# Singing Video of my Tiel. Male?



## Sachem (May 6, 2016)

I've been going back and forth on weather our whitefaced cinnamon pied tiel is a male or female. I thought female, but then the last two days, he's started singing so cute. He's only 6 months old so it's not a particular tune, and he gets camera shy, so I have to sneak up to get a video.
Does this sound like typical young male singing? Thanks in advance!


----------



## aluz (Jul 24, 2011)

I didn't know you had recently gotten a second cockatiel!
Sadly I can't help you out with gender, but he/she has a lovely voice. 

You will probably get more help if you join Talk Cockatiels: Talk Cockatiels Forums


----------



## Sachem (May 6, 2016)

Thank you Aluz! This is one my husband bought for "his own" bird. I think he was jealous of the relationship I have with my birds hehehe!!! I've been squeezing in time to train him. He's wonderful.
I should note, we are saving up for a cage for him. This one is NOT a good size for a tiel


----------



## Sachem (May 6, 2016)

Aluz, forgot to mention but pretty much since I joined the forum I've been trying to register with TC, but for some odd reason, when I put my user name in it puts a huge link in it and it tells me my name is too long. Every time.


----------



## petites (Jun 2, 2016)

Your 'tiel is very tuneful which does suggest male  ....BUT...I had a boy who sang beautifully...then 'he' laid an egg hmy:


----------



## Sachem (May 6, 2016)

petites said:


> Your 'tiel is very tuneful which does suggest male  ....BUT...I had a boy who sang beautifully...then 'he' laid an egg hmy:


What a surprise!!  My aunt had a boy for many years who laid an egg hahaha. Her name was "Pete" 
I just love this one to bits. We are developing a wonderful bond. I'm learning what kind of music he likes amd dislikes.. I also started playing music for my budgies.


----------



## Jedikeet (Feb 3, 2014)

From the rhythmic way your tiel sings, I'd say he's very likely to be a boy...and yes, you definitely need to get _him_ a much bigger cage.


----------



## petites (Jun 2, 2016)

They do seem to appreciate music. My indoor birdie is a Lineolated Parakeet and if I leave the house for any length of time I have to leave heavy metal/rock music on for her :music: I have tried her on classical, pan pipes, pop.....Nope she loves her Led Zep and Scorpions and is currently dipping her toe into Muse.....:speechless-smiley-0


----------



## Sachem (May 6, 2016)

Nick, I thought so too.

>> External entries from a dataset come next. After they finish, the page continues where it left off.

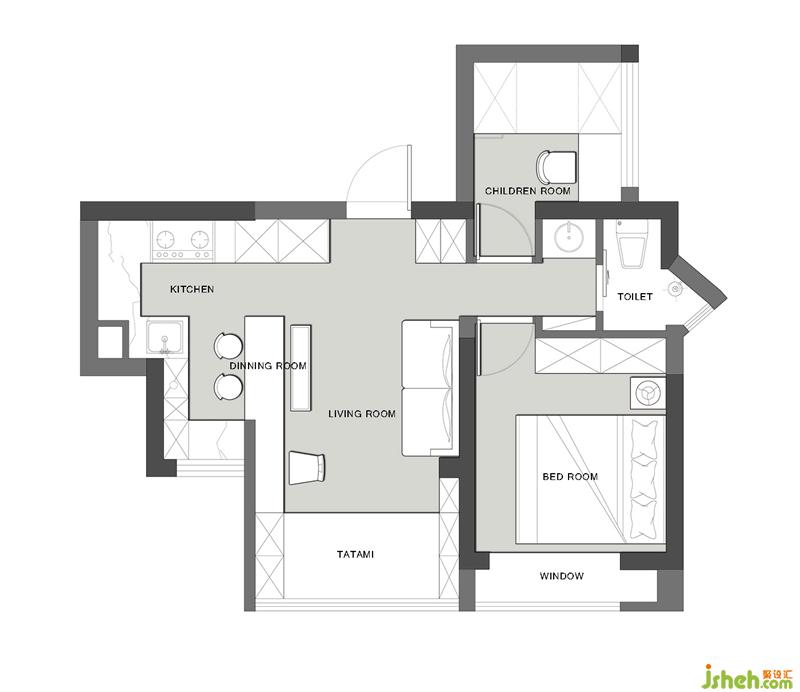 原戶型是一套41㎡的兩居室,面積和格局的限制和設(shè)計(jì)需求形成了很大的反差,給我們?cè)O(shè)計(jì)師帶來了極大的挑戰(zhàn)性。家居設(shè)計(jì)要解決一家三口居住的生活方式和訴求,首先要打破空間的界限和處理好功能區(qū)域的劃分,還有采光通風(fēng)等問題。本案業(yè)主是一對(duì)80后夫妻,有一個(gè)可愛的女兒。這個(gè)房子是他們買來方便孩子上學(xué)的學(xué)區(qū)房,由于房子面積比較小,只有41㎡。溝通的時(shí)候業(yè)主要求有大客廳、大廚房、餐廳的功能;而且要有一個(gè)一家子可以在客廳玩耍、互動(dòng)的空間。同時(shí)她之前的家里有很多書籍要搬過來,要考慮放置書籍的位置以及強(qiáng)大的儲(chǔ)物功能。對(duì)衛(wèi)生間要求能做到三分離。兒童房雖然面積小,但還是希望有獨(dú)立的寫字臺(tái)和儲(chǔ)藏衣物的柜子。下面讓我們一起來看看這個(gè)“小家”的“銳變”吧。
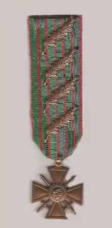 | Décorations | Croix de guerre 1914-1918 quatre palmes |
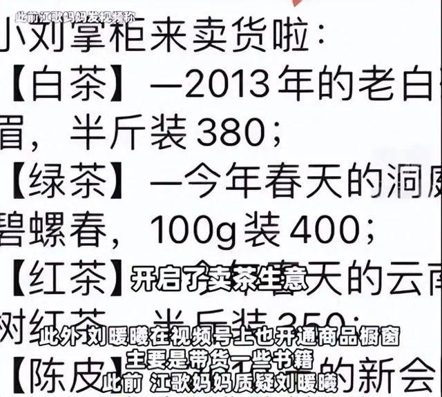 但与此同时,据鲸视频报道,有网友发现刘暖曦(刘鑫)也曾在视频号上直播带货,并开通商品橱窗,带货一些书籍。此前,江歌妈妈曾公开质疑刘暖曦在利用江歌案的热度在粉丝群里卖茶叶。据潮新闻,一头干练的短发,身穿蓝色条纹短袖衬衫,10月9日晚上临近8点,江歌妈妈江秋莲坐在一把护腰坐椅上,面带笑容,提前出现在直播镜头前。54岁的她开启了人生中首场直播。这场直播从晚上8点持续到11点,共吸引1518万网友观看,同时在线观众数量一度达到超10万;3小时内,她卖出近6万件商品,销售额超百万元。“不知道眼睛该往哪看,以前面对那么多媒体镜头都不紧张,现在真有点紧张。”对于第一场直播,江秋莲感慨说,自己的手都出汗了。她用夹杂着山东口音的普通话逐个介绍商品:沙琪玛、无骨鸡爪、虾酱、油污净、纸巾……当晚,江秋莲的抖音橱窗上线23款商品,都是此前她曾发布视频推荐过的商品。“没有专业团队合作,只是草台班子。”此前,江秋莲回复称,自己是独立尝试直播带货,对于后续直播带货的频率,还没有具体计划。据中新经纬此前报道,江歌妈妈表示自己需要一份工作充实自己,和有足够的经济基础支持维权之路。她还表示:“直播带货的目的同样是为了赚钱,但我会把选品和服务放在第一位,把赚钱放在第二位。”据九派新闻,近日,有网友发现刘暖曦也曾在视频号上直播带货,并开通商品橱窗,带货一些书籍。网友表示,刘暖曦是在视频号里直播的,除了直播外,她还开通了商品橱窗,主要带货一些书籍。此前,江歌妈妈曾公开质疑刘暖曦利用江歌案的热度在粉丝群里卖茶叶。“刘暖曦又利用江歌被害事件积攒人气,开启了卖茶生意。”
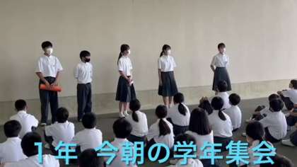 今日の学年集会では、委員会より、自分たちで考え、掲げた目標を発表していました。
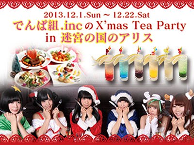 12月1日(日)~12月22日(日)までの期間中、でんぱ組.incをイメージしたスペシャルX’masメニューが銀座『迷宮の国のアリス』に登場!「でんぱ組.inc」のメンバーカラーの“カラフルサンタ帽”付きで提供される。
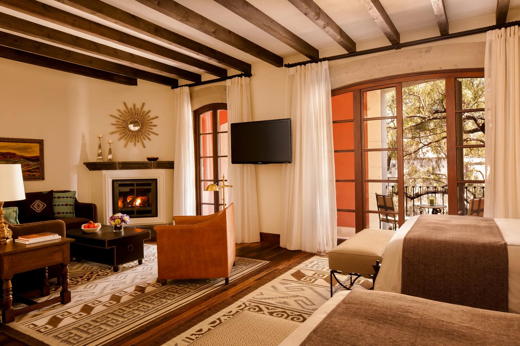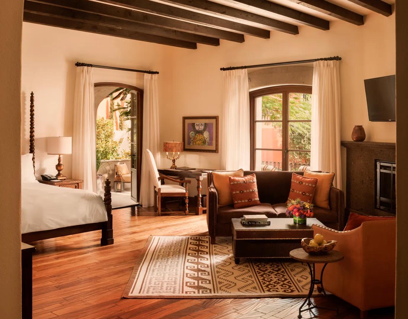 Inspired by the artisans and artists of San Miguel de Allende, the richly appointed Junior Suites offer residential style and elegant decor, including wood floors, natural stone hearths and beautifully curated artwork. The suite comprises of 700 square feet of indoor living space, with one king bed or two queen beds, as well as an outdoor terrace.
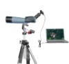 1.3MP USB Digital Zoom Spotting-scope is a digital compound spottingscope, composed of a 1.3MP USB digital camera and a traditional spottingscope. A special desing adapter with built in matching optical system functions as a bridge to have the images captured by spottingscope be focused on the chip surface of sensor module, and shown on PC for public view or saved. A 10 meter USB2.0 cable is usually attached to insure that there is enough distance between you and the spottingscope, even more person can hide behind a shell, thus the bird singing on branch will not be interfered. Digital Zoom Spotting-scope is applied by scientist and amateur to shoot and video bird for further research or just fun.FeatureObjective diameter80.00 mmEyepiece diameter44.00 mmOptical zoom20X---60XShutter functionSoftware controlCorrecting image Software controlBacklighting reduceSoftware controlFunction of softwareImage managementset up, open up, save, lead in image fileImage capture: switch, setting, shoot,, full screen view.Image edit: picture turn, zoom, cut, modify, email, printSpecificationsSensor parameter1/2" 1.3 MP CMOSMax resolution1280*1024USB port USB2.0, 480 MB /sRate of frame16 f/s @ 1280*1024Preview model1280*1024, 640*480, 320*240Pixel size5.2μm *5.2μmSensitivity 1.8 V/lux-sec@550nmSpectrum response 400nm---1000nmShutter typeERS(electronic rolling shutter)White balanceAuto / manualO/P compatibilityWindows--XP2,Vista
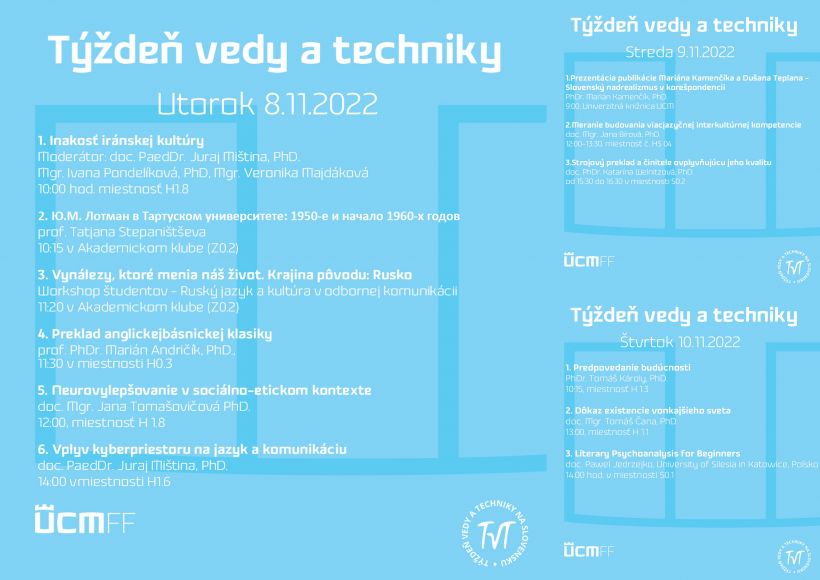 Katedry Filozofickej fakulty UCM si pre Vás pripravili nasledujúci program:

We've been whistling tunes and he's already picking them up. Unfortunately my poor boy is going to be out of tune...My first tiel was also. It must be my birds, because I have a wonderful singing voice. (I'm lying!)

This boy loves Metallica's One. I havent listened to much heavy metal since I was a teenager but he got soooo excited when I was trying to see what he enjoys lol!!


----------